In Stories, Klein charts his path via snapshots, snippets on his parents, getting started with Schwartz; various firsts (first Vogue cover; first ad); the fragrance launches; jeans; underwear; controversies; key looks; his favorite models.
And of course, the clothes, under the Minimalist moniker. Ironically, Klein’s marketing genius has worked against his reputation as a creator of fashion. Because he so flagrantly reinvented what fashion advertising and marketing could be, how far it could go, what it might represent, his clothes, and their impact, have been underappreciated. Klein identified a lifestyle in need of a wardrobe. As the post-Mod Sixties rolled into the Seventies, he saw a generation of women whose newfound sense of freedom extended to the way they wanted to dress — style with ease, freed from intense constructions. He delivered that big time, rejecting anything that confined while stripping away the superfluous of decoration and the chichi of attitude. That’s not to say he never questioned himself; early in the decade, as the Eighties were on the cusp of exploding into hideousness, he experimented with couture influences, a direction offering insight into cut and fit. Yet the aura felt false and he soon dumped it. From that point forward, Klein remained remarkably consistent in his aesthetic but never static in its application. He designed au courant clothes that spoke to an increasingly fast-paced lifestyle, one in which sensuality could reveal itself beautifully in unfettered terms.

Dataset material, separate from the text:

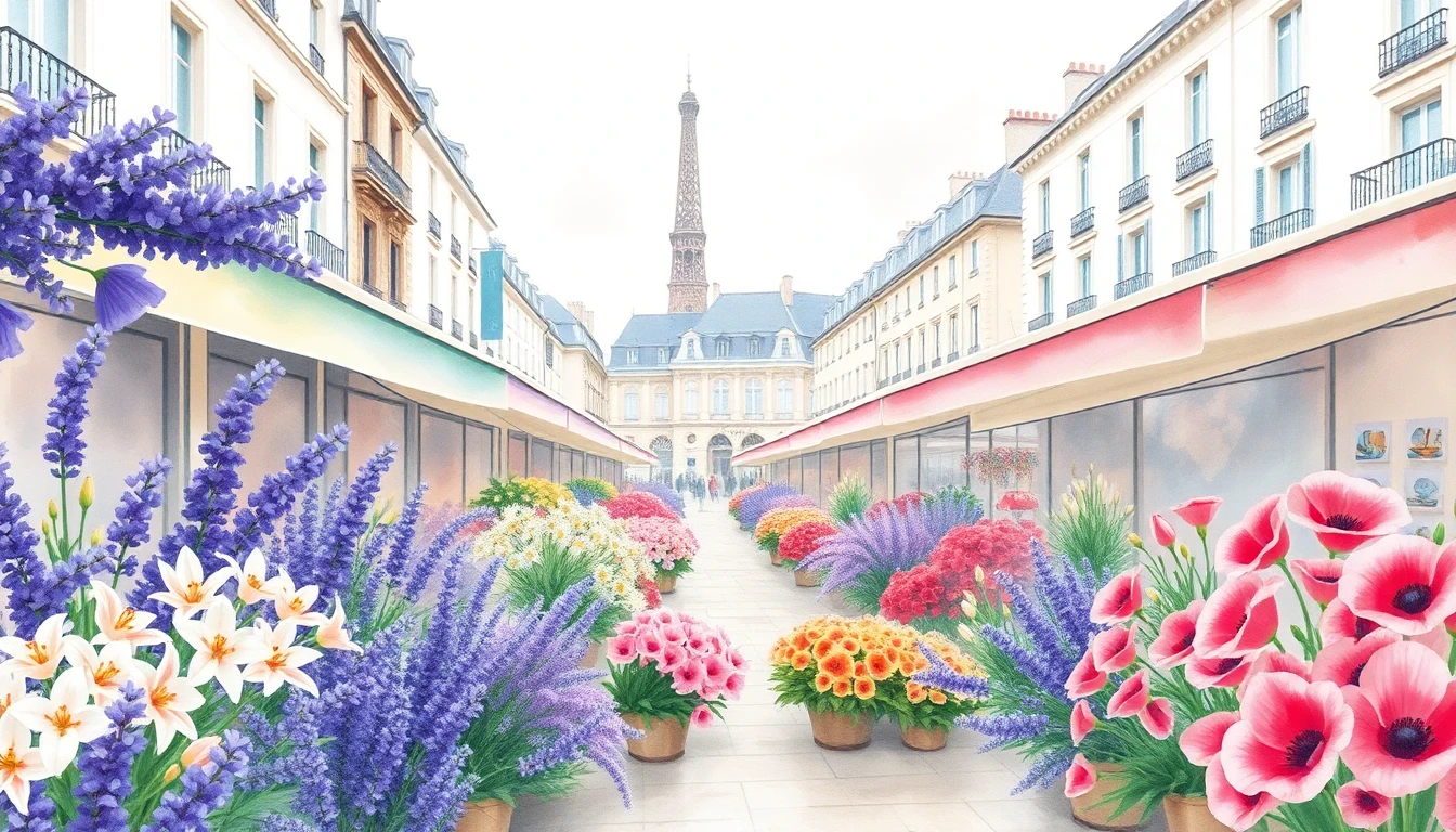 Watercolor illustration of a flower market in Paris, France featuring lavender, lilies, poppies

Klein’s rejection of the excesses of the Eighties positioned him perfectly at the vanguard of its ultimate antithesis, the minimalism that emerged in the Nineties. Credit for taking that movement into the mainstream often goes to Helmut Lang and Jil Sander, and deservedly so, each in his/her own way, brilliant. And to Miuccia Prada as well, though she has long since left her early austerity behind her. In fact, Calvin Klein got there first, a generation earlier.

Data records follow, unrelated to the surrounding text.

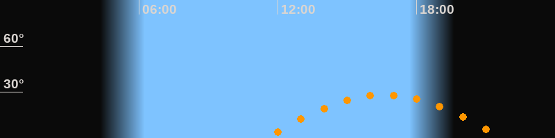 | Höchster Stand (Kulmination) | 16:35 Uhr (h = 28,2°) |
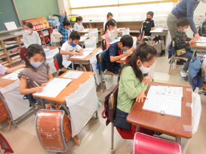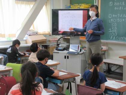 子どもたちは自分の買い物の様子を式やひっ算を使ってノートにどんどん書いていました。自分の考えをノートに書く力がついています。
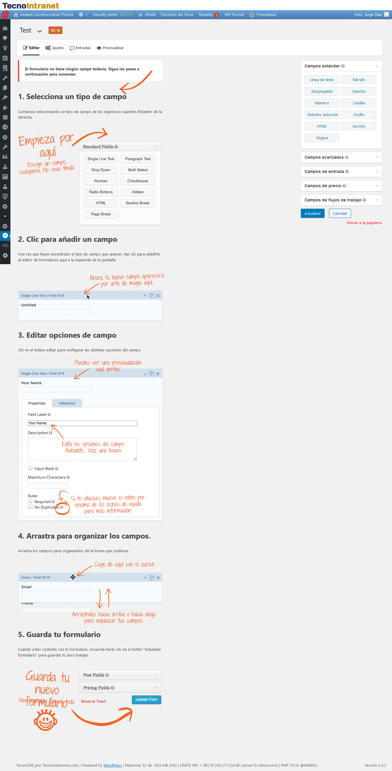 Luego de agregar el nombre y la descripción nos muestra un panel con instrucciones de cómo podemos crear los formularios. Este módulo tiene 3 zonas importantes.

The clothes in the book show sly diversity within a finely honed point of view. The opening slipdress, a famous Klein classic, precedes a host of tailored looks, T-shirt shapes; athletic and art-world inspirations, forays into color, even a voluptuous embroidered wrap that, in the photo at least, gives a nod to Poiret. Save for an expanded shoulder or two, many of the looks could be worn today without looking retro; they radiate currency.
A 2004 photo of Natalia Vodianova by Meisel shows her in a beige shirt, several buttons left open, tucked into a full, airy skirt, its volume draping between her spread-open legs. The visual references the Lisa Taylor photo, the two crystallizing the essence of Calvin Klein across a near 30-year bridge. To name the items worn — peasant dress, shirt and skirt — gives no clue as to their sensuality. A piece becomes sensual only in concert with the woman wearing it.
Klein’s point all along. “I didn’t set out thinking how to be controversial,” he told WWD in 1994. “Only how to make this woman look to-die-for, a killer — with no [obvious] effort. ” Mission accomplished, the proof in the book.